Extraction methods shown to provide less appropriate DNA extractions are the QIAGEN DNeasy and QIAGEN Genomic-tip methods; use of these kits is not recommended for Telo-Seq.

If you do not have access to a means of assessing HMW gDNA fragment distributions, such as pulse-field gel electrophoresis or an Agilent Femtopulse, consider performing an SQK-LSK114 library preparation using 1 μg of your HMW gDNA extract to assess the fragment distribution of the sample, this may be sequenced on Flongle. Typically, samples that yield an LSK114 read N50 of >15 kb are appropriate for Telo-Seq.

If the sample you plan to perform Telo-Seq with has a large percentage of fragments below 10 kbp (or a read N50 <15 kb as determined by LSK114 sequencing), consider using the short fragment eliminator kit (EXP-SFE001). EXP-SFE001 can be used to size select HMW gDNA by depleting short fragments (<10 kb). The use of EXP-SFE001 on samples containing a high percentage of fragments below 10 kb has been shown to be beneficial for Telo-Seq performance (see Figure 6).

Telo seq Know-how V2 Fig 6 Figure 6. Telo-Seq performance of samples with sub-optimal fragment distributions before and after size selection using the EXP-SFE001 kit. Depletion of fragments <10 kb as measured by Agilent Femtopulse has a positive impact on Telo-Seq performance.


Sample origin

Telo-Seq development and validation at Oxford Nanopore Technologies has been performed using primarily HMW gDNA extracted from GM24385 cell culture, where the telomere and sub-telomere are an average of 8 kb long. Fundamentally Telo-Seq should be compatible with any DNA sample containing the repetitive telomeric n(TTAGGG) motif, although some organisms may have much longer telomeres or sub-telomeres which could impact chromosomal mapping. It is important to consider the cut site positions of the restriction enzyme. EcoRV is utilised in the protocol as most of the human chromosome cut site positions are 2 kb – 10 kb upstream from the telomeric 3’ overhang.
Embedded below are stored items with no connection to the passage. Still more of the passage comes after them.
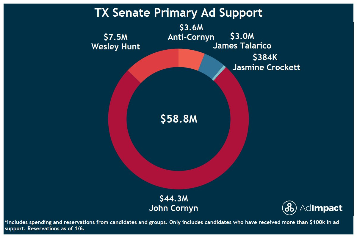 In the Republican primary, incumbent Sen. John Cornyn faces state Attorney General Ken Paxton and Rep. Wesley Hunt, along with five other minor candidates. The contest has largely been defined by the campaign spending of Cornyn and his allies. In early January, an analysis from AdImpact found that ads supporting Cornyn made up 75% of all ad spending in the Texas race â more than $44 million in total. Early spending by pro-Cornyn forces did appear to successfully ding Paxton last summer, when Paxtonâs lead shrank in head-to-head polling against Cornyn. But Huntâs entry into the race in October further scrambled this contest.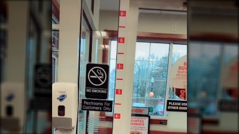 A viral TikTok video — uploaded by user @officialjuice93 and viewed more than 500,000 times — shows a red height chart with measurements in feet lining a door inside a Dunkin' shop. "Tell me your Dunkin' has been robbed without telling me they've been robbed," the video's caption reads. Why would a Dunkin' have a height chart inside, and what would it have to do with robberies?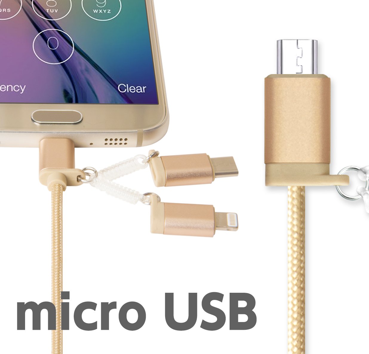 USB A to micro It is a multi type cable with a lightning terminal & TYPE C terminal connector attached to the USB cable.

We recommend carrying out an in silico digestion of the reference genome to determine theoretical cut sites and to check whether there is any cleavage within the telomere or sub-telomere.


Pre-hybridisation of the Telo-Adapters and Telo-Splint

Telomeres with the repetitive telomeric n(TTAGGG) motif may present a 3’ overhang in one of six different frames (see Figure 7). In humans there is evidence that there is a dominant frame of GGTTAG (Smoom et al. 2023).
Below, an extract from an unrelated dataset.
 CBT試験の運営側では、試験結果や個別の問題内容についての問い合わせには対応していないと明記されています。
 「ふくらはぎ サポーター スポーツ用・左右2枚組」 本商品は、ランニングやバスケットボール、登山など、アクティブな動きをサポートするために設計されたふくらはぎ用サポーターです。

Telo seq Know-how V2 Fig 7 Figure 7. The different frames of the n(TTAGGG) telomere 3' overhang. Here the first 7 bases of the 3’ overhang are highlighted to in blue, this is where the complementary Telo-Adapter ligates during the Telo-Adapter ligation.


To account for this, Telo-Seq uses a mix of six Telo-Adapters that make up the ‘Telo-mix’. Each of the six adapters represents a different frame so that all possible telomeric overhangs may be adapted. Figure 8 shows how pre-hybridisation of the Telo-Splint to the Telo-Adapters improves Telo-Seq performance. The protocol also includes a downstream splint annealing step which follows the Telo-Adapter ligation to maximise splinting. The inclusion of this splinting step helps improve performance consistency.

Telo seq Know-how V2 Fig 8 Figure 8. Pre-hybridisation of the Telo-Adapter with the Telo-Splint increases the enrichment of Telo-Seq.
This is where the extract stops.